> _Requirement_
Only an exact repeat of the listing, without its images, counts as the answer.

> _Input data_
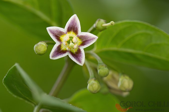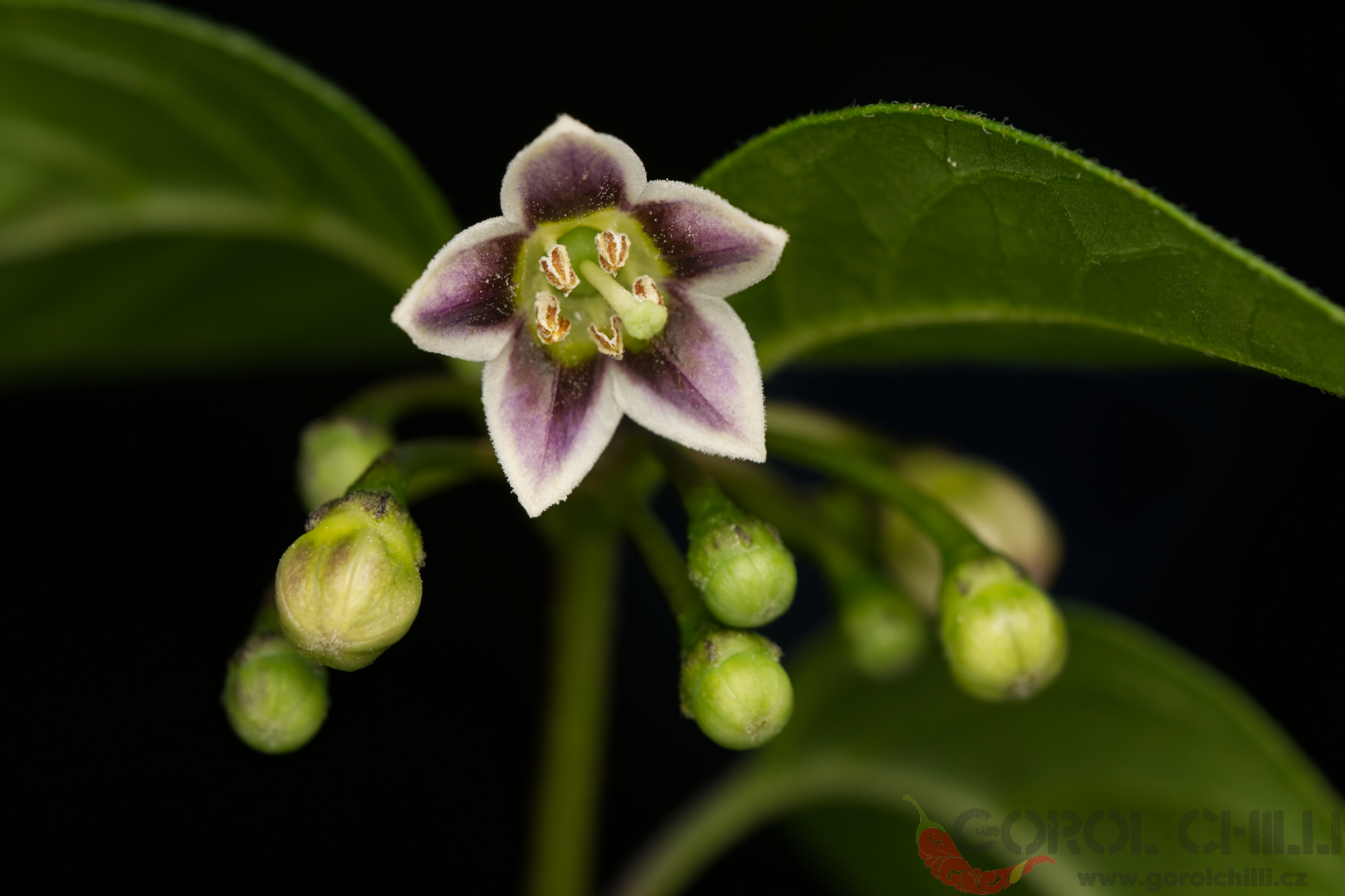 Plody: Podlouhlé, úzké s lehce krabaté. Zprvu jsou světle zelené až bělavé, později zrají do krásné karamelové barvy. Dorůstají délky okolo 8-11 cm a průměru do 2 cm. Chuť a pal: Chuť je typická pro indické kultivary typu Jolokia,…
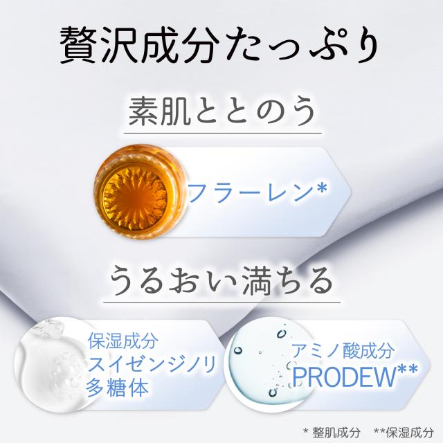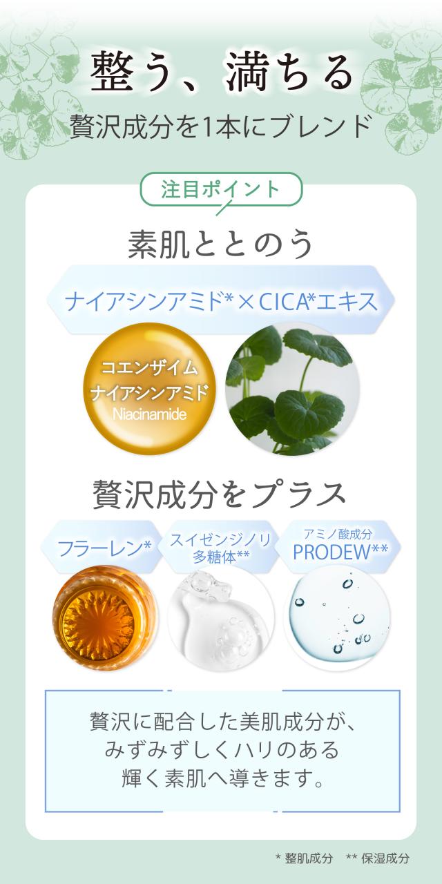 ナイアシンアミド*×CICA*エキスに加え、フラーレン*、スイゼンジノリ多糖体**、アミノ酸成分PRODEW**の3つの美肌成分を配合し、美しさあふれる肌へ。
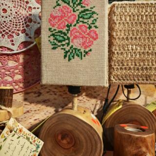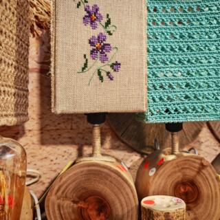وحدة إضاءة من مقطع مميز من الخشب الطبيعي (الزنزلخت)، مع شابوه من خيوط الخشب الطبيعي ورسم بالخيط لزهور

> _Solution to this task_
 Plody: Podlouhlé, úzké s lehce krabaté. Zprvu jsou světle zelené až bělavé, později zrají do krásné karamelové barvy. Dorůstají délky okolo 8-11 cm a průměru do 2 cm. Chuť a pal: Chuť je typická pro indické kultivary typu Jolokia,…
 ナイアシンアミド*×CICA*エキスに加え、フラーレン*、スイゼンジノリ多糖体**、アミノ酸成分PRODEW**の3つの美肌成分を配合し、美しさあふれる肌へ。
وحدة إضاءة من مقطع مميز من الخشب الطبيعي (الزنزلخت)، مع شابوه من خيوط الخشب الطبيعي ورسم بالخيط لزهور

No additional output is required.